A modo de cierre, el bibliotecario que este tiempo requiere
En este escenario, la profesión llega con una experiencia acumulada que alcanza para reconocer ciertos patrones, incluso cuando no logra modificarlos. La inteligencia artificial generativa introduce una diferencia, no tanto por lo novedoso de la tecnología, sino porque empuja al centro competencias que la propia tradición disciplinar ya reconocía y no logró sostener en la práctica.
Si el problema deja de ser solamente el acceso a la información y pasa a ser su validación, entonces el lugar profesional también se mueve. Ya no alcanza con facilitar el acceso. Lo que está en juego es la capacidad de formar usuarios que puedan distinguir, verificar y sostener criterios propios frente a lo que leen, incluso cuando lo que leen tiene todas las marcas de ser confiable.
Nada de esto ocurre en un vacío. Las limitaciones en la formación, las tensiones en los planes de estudio y las condiciones institucionales no son un telón de fondo, son parte del problema. Reconocer ese contexto no lo resuelve, pero al menos evita sostener una discusión donde todo parece posible y poco efectivamente lo es.

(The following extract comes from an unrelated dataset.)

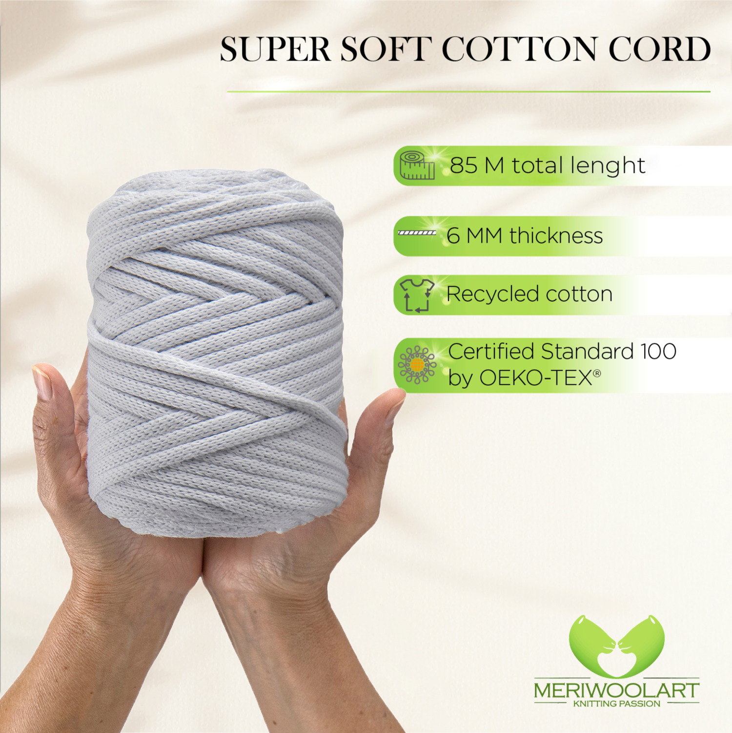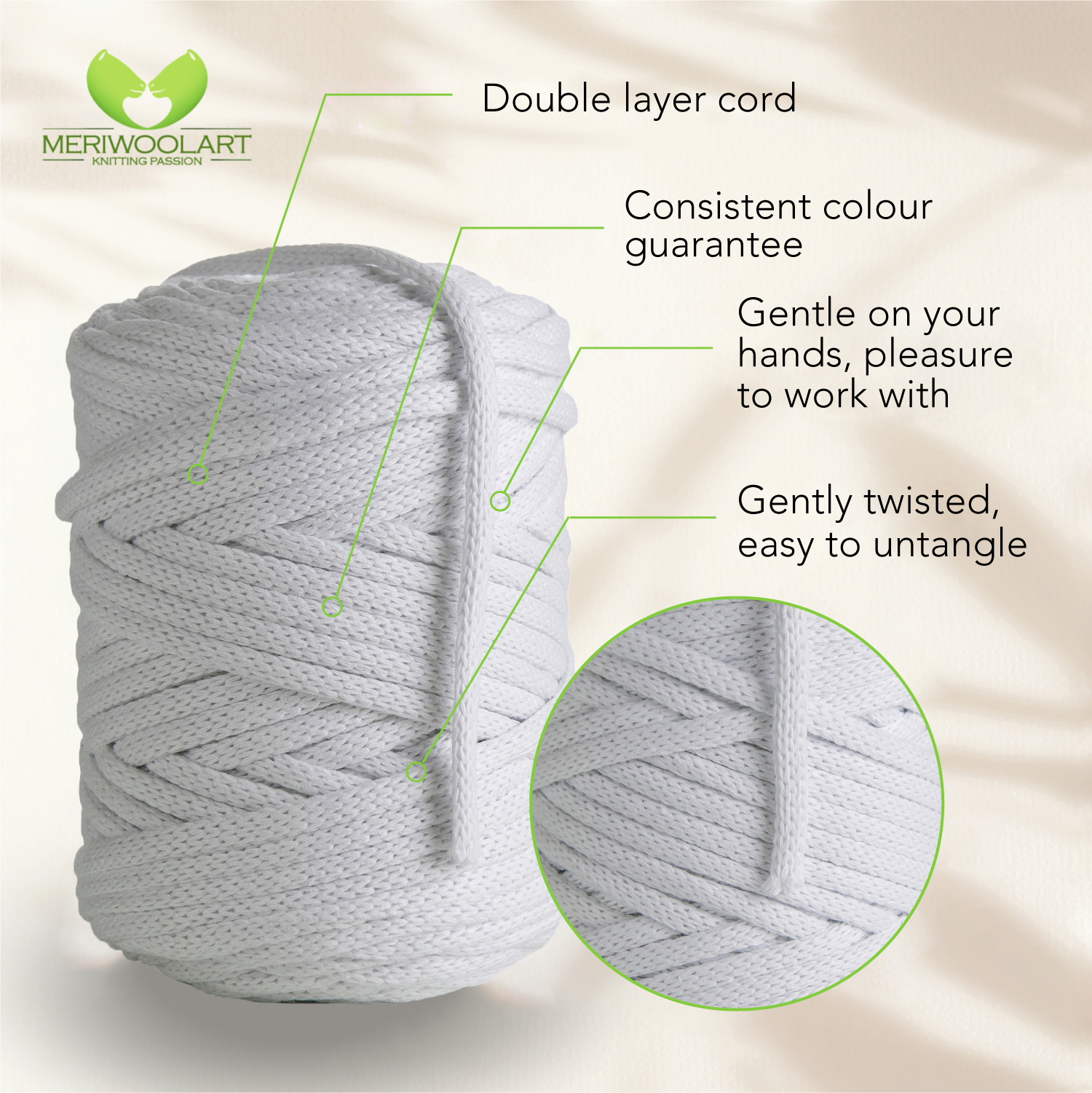 - Perfect for large projects, like a crochet bag or macramé pillow. The thick cord is made of two layers, making it durable, elastic and sustainable.

Porque el desplazamiento ya está en marcha y el problema ya no es el acceso. La cuestión, en todo caso, no es si este escenario representa una oportunidad. Esa discusión ya está bastante saldada. El punto es otro, bastante menos elegante. Qué pasa si, aun sabiendo lo que hay que hacer, no se hace. Esta vez, probablemente, no hay margen para llegar tarde.
Referencias
- Argentina. (2013). Ley 26.899. Creación de repositorios digitales institucionales de acceso abierto. Boletín Oficial de la República Argentina. https://servicios.infoleg.gob.ar/infolegInternet/anexos/220000-224999/223459/norma.htm
- Bender, E. M., Gebru, T., McMillan-Major, A., & Shmitchell, S. (2021). On the dangers of stochastic parrots: Can language models be too big? In Proceedings of the 2021 ACM Conference on Fairness, Accountability, and Transparency (pp. 610–623). Association for Computing Machinery. https://doi.org/10.1145/3442188.3445922
- Castells, M. (2001). La galaxia Internet. Plaza & Janés.
- Franganillo, J. (2023). Los grandes modelos de lenguaje: Una oportunidad para la profesión bibliotecaria. Anuario ThinkEPI, 17, Article e17a28. https://doi.org/10.3145/thinkepi.2023.e17a28
- Lancaster, F. W. (1978). Toward paperless information systems. Academic Press.